As noted earlier, however, R.C.
THE TRIAL COURT ERRED IN ADMITTING INADMISSIBLE HEARSAY TESTIMONY RELATIVE TO DEFENDANT'S IDENTITY.The testimony to which Williams objects is contained in the following colloquy:
A. * * * When I came back, you know, I found out the name. I called back on the phone. I left a message for Ritchey that I know this boy. His name is Peanut. That's what they call him in the neighborhood.
Q. How did you find out his name was peanut?
A. Somebody told me.
[Defense Counsel]: Objection
THE COURT: I think the identity would be permissible.
[Defense Counsel]: Hearsay, Your Honor.
THE COURT: Well, for identification purposes, it would meet the exception to the hearsay rule. You may proceed. Overruled.Q. You called Detective Ritchey and said his name is Peanut, is that right?
A. Yes.
Williams does not assert error in regard to Niffa's description of her call to Detective Ritchey. Rather, he objects to the testimony about what one of her customers told her. Evid.R. 801(C) defines "hearsay" as "a statement, other than one made by the declarant while testifying at the trial or hearing, offered in evidence to prove the truth of the matter asserted." Williams contends that the statement made by the customer was just such an out-of-court statement.
We agree that Niffa's testimony referred to the out-of-court statement of one of her customers. She herself had been unable to recall the name of the young man who robbed her. When she asked people who came into the Drive-Thru, one eventually informed her of the young man's nickname. The essence of the customer's statement appears to have been: "The young man that you are describing is known as Peanut."
Nevertheless, an out of court statement is only hearsay if it is entered for the truth of the matter asserted. In this instance, it is clear that this statement was not entered for its truth. Whether the customer's statement was true — i.e. whether someone named Peanut fit Niffa's description of the robber — had little bearing on whether Williams was guilty of the crime. The response, however, was important in explaining how Detective Ritchey was able to put together a photographic array that included Williams' picture. Thus, the purpose of this evidence was to establish a foundation that explained the course of the police investigation. "Where statements are offered to explain an officer's conduct while investigating a crime, such statements are not hearsay." State v. Blevins (1987),
In Blevins, the court of appeals recognized that this kind of foundational evidence may still be subject to exclusion if, in addition to explaining the course of the investigation, the statement also implicates the defendant in criminal wrongdoing.
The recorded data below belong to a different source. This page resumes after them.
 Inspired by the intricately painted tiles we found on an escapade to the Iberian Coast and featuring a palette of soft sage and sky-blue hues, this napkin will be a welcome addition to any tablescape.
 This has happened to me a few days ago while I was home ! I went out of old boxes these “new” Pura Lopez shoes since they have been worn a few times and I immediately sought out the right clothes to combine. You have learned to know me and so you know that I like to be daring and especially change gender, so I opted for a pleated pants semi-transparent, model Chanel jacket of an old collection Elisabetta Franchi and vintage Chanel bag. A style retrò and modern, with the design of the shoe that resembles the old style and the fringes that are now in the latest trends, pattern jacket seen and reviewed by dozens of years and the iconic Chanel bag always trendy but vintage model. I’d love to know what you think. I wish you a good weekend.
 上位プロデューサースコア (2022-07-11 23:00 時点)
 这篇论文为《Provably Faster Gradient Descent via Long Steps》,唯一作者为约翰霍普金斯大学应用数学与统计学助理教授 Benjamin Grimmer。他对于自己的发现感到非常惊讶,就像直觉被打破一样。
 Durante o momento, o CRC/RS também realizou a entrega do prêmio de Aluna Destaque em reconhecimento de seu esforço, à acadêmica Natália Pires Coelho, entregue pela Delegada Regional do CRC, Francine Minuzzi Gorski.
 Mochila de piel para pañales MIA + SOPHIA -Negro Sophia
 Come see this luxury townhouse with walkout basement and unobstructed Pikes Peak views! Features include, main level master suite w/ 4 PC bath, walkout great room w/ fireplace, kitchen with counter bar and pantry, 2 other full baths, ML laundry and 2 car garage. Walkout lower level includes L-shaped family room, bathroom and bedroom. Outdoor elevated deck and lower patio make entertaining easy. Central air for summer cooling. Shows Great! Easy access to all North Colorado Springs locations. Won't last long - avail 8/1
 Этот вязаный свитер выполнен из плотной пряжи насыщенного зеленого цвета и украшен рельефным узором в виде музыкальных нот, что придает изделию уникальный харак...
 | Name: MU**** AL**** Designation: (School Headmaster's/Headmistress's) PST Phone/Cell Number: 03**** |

Because we find that the out-of-court statement in question was not offered for the truth of the matter asserted, we find it was not hearsay and, therefore, not improperly admitted. Accordingly, appellant's third assignment of error is overruled. Having overruled all three of appellant's assignments of error, we affirm the judgment of the trial court.
Judgment affirmed.
KERNS, J., and MILLIGAN, J., concur.
(Hon. Joseph D. Kerns, Retired from the Court of Appeals, Second Appellate District and Hon. John R. Milligan, Retired from the Court of Appeals, Fifth Appellate District, Sitting by Assignment of the Chief Justice of the Supreme Court of Ohio).